Rojnews’ten Birwa Eshed’e konuşan Abdullah Çalak, 1975’teki ‘aşbetal’a işaret ederek şunları söyledi: “Güney Kürdistan’daki Kürt partileri aşiretlere dayalı kurulduğundan beri aralarında hep çekişmeler olmuştur ve birbirlerini yok etme ve birbirlerine ihanet etme aşamasına geçmişlerdir. Barzani ailesinin tarihine baktığımızda 1975’teki aşbetal (devrimi bırakma) sonrası Güney Kürdistan’a dönmeleri ve Kürdistan için faaliyetlere başlamaları istendi ama geri dönmeyerek ‘Bizim devrime inancımız kalmamıştır’ dediler. KDP her zaman işgalcilerin fermanlarının yanında yer alarak muhaliflerine karşı bunu bir silah olarak kullandı.”

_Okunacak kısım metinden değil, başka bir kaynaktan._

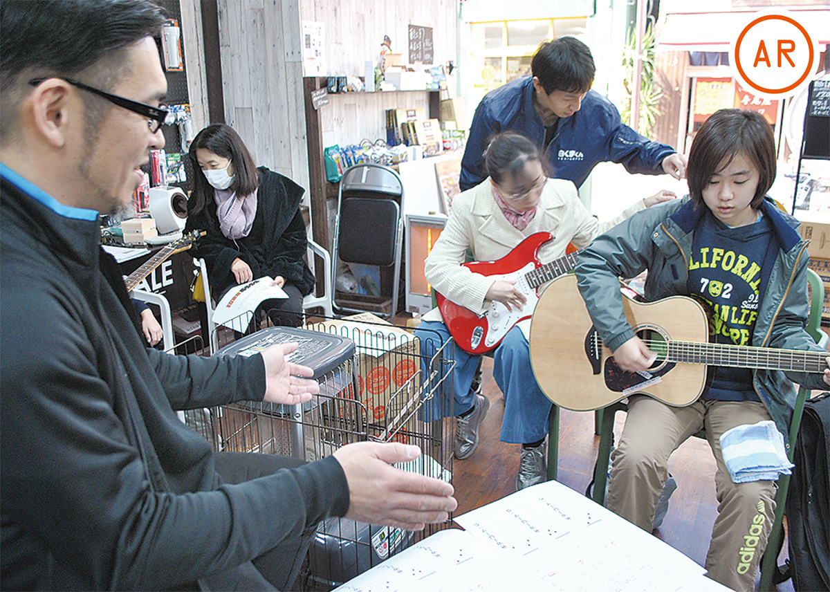 大口あけぼの通商店会に所属する十字屋家電株式会社で3月16日、「電気屋さんのギター講座」が行われた。

KDP’nin 31 Ağustos 1996 ihanetinin planlayıcısı ve yürütücüsü olmasının yanında aynı zamanda 31 Ağustos ihanetiyle de gurur duyduğunu kaydeden Abdullah Çalak şöyle devam etti: “KDP 31 Ağustos ihanetiyle gurur duyuyor, ona göre bu büyük bir başarıdır. Kürt ulusu onlar için önemli değil, bu siyasi tüccarlar, uluslararası ve çıkarcı ülkelerin baskısı altındadır.”
İşlenen suçlar
KDP’nin diğer Kürt hareketlerine karşı işlediği suçlardan bahseden Abdullah Çalak, “KDP çok sayıda insanı esir aldı ve katletti. 70 PKK gerillası şehit oldu. Iraklı ve Türkmen grupların üyelerini bile öldürdüler. Ancak sorun şu ki, Kürt partilerinin ihanete destek vermesini kınamak için şimdiye kadar ulusal bir kongre yapılmadı. KDP’nin ihanetleri bugün de devam ediyor. KDP, iktidarını sürdürmek için daha da büyük ihanetler yapmaya hazırdır. KDP, ihanetleriyle Güney Kürdistan Kürtlerini Kürdistan’ın diğer bölgelerinden koparmak istiyor” dedi.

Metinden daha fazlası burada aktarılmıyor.